TASK REQUIREMENTS: Every line of the material must be restated exactly, though not its pictures.

DATA BELOW:
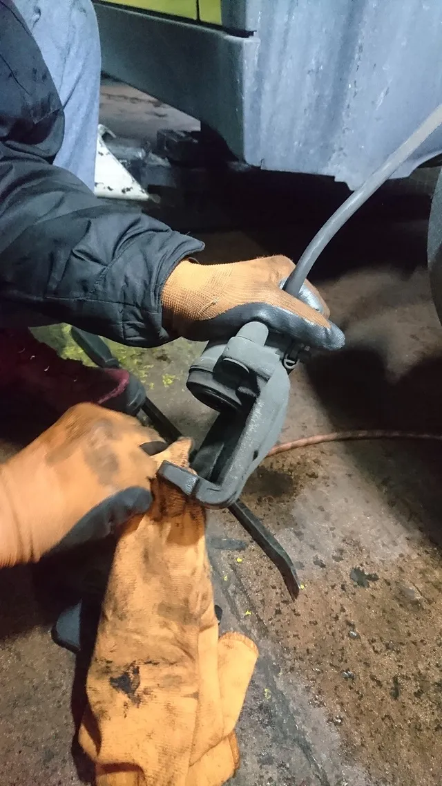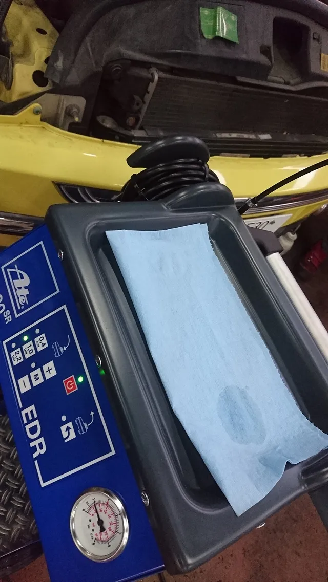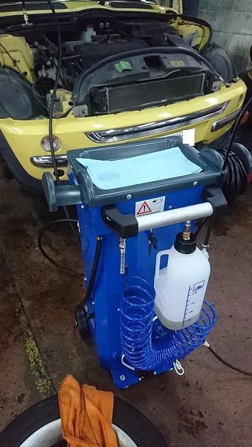 輸入車専用のブレーキフルード圧送アタッチメントと取付、規定圧力にて圧送、ブレーキフルードを入れ替えます。
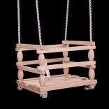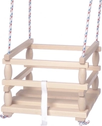 Cette balançoire en bois est spécialement conçue pour les plus petits enfants qui savent déjà s'asseoir seuls. Grâce à sa construction robuste et à sa barrière de sécurité, elle offre un balancement sûr et confortable. La balançoire peut être utilisée à la maison comme à l'extérieur.
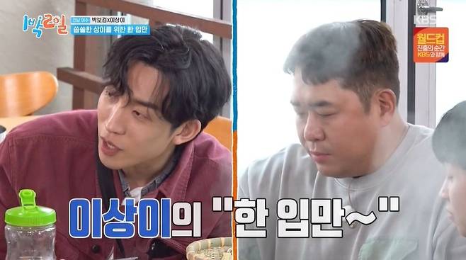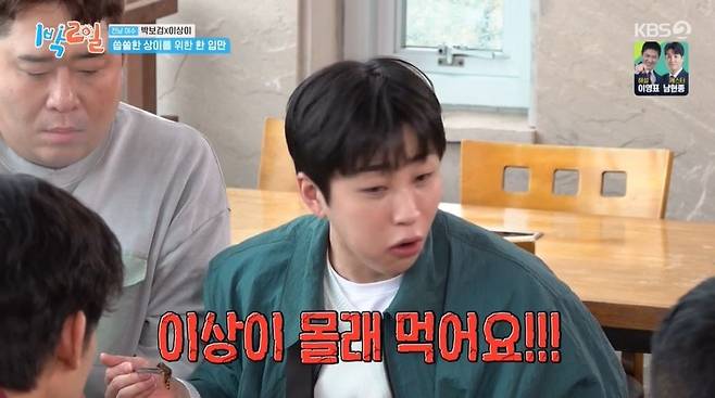 박보검과 이상이는 소문난 대식가. 이상이는 "보검이도 1인분으로 끝난 적이 없고, 3~4인분씩 먹는다"라고 했다. 이상이, 박보검 앞에 앉은 김종민은 계속 뒤를 돌아봤고, 박보검은 그런 김종민에게 괜찮냐고 물었다. 김종민이 "목이 빠질 것 같다"라고 호소하자 문세윤은 "이 형 대단하다. 누가 나와도 안 돌아보던 형인데"라며 김종민이 뒤돌아보느라 자신을 가린다고 투덜거리기도.

EXERCISE ANSWER:
 輸入車専用のブレーキフルード圧送アタッチメントと取付、規定圧力にて圧送、ブレーキフルードを入れ替えます。
 Cette balançoire en bois est spécialement conçue pour les plus petits enfants qui savent déjà s'asseoir seuls. Grâce à sa construction robuste et à sa barrière de sécurité, elle offre un balancement sûr et confortable. La balançoire peut être utilisée à la maison comme à l'extérieur.
 박보검과 이상이는 소문난 대식가. 이상이는 "보검이도 1인분으로 끝난 적이 없고, 3~4인분씩 먹는다"라고 했다. 이상이, 박보검 앞에 앉은 김종민은 계속 뒤를 돌아봤고, 박보검은 그런 김종민에게 괜찮냐고 물었다. 김종민이 "목이 빠질 것 같다"라고 호소하자 문세윤은 "이 형 대단하다. 누가 나와도 안 돌아보던 형인데"라며 김종민이 뒤돌아보느라 자신을 가린다고 투덜거리기도.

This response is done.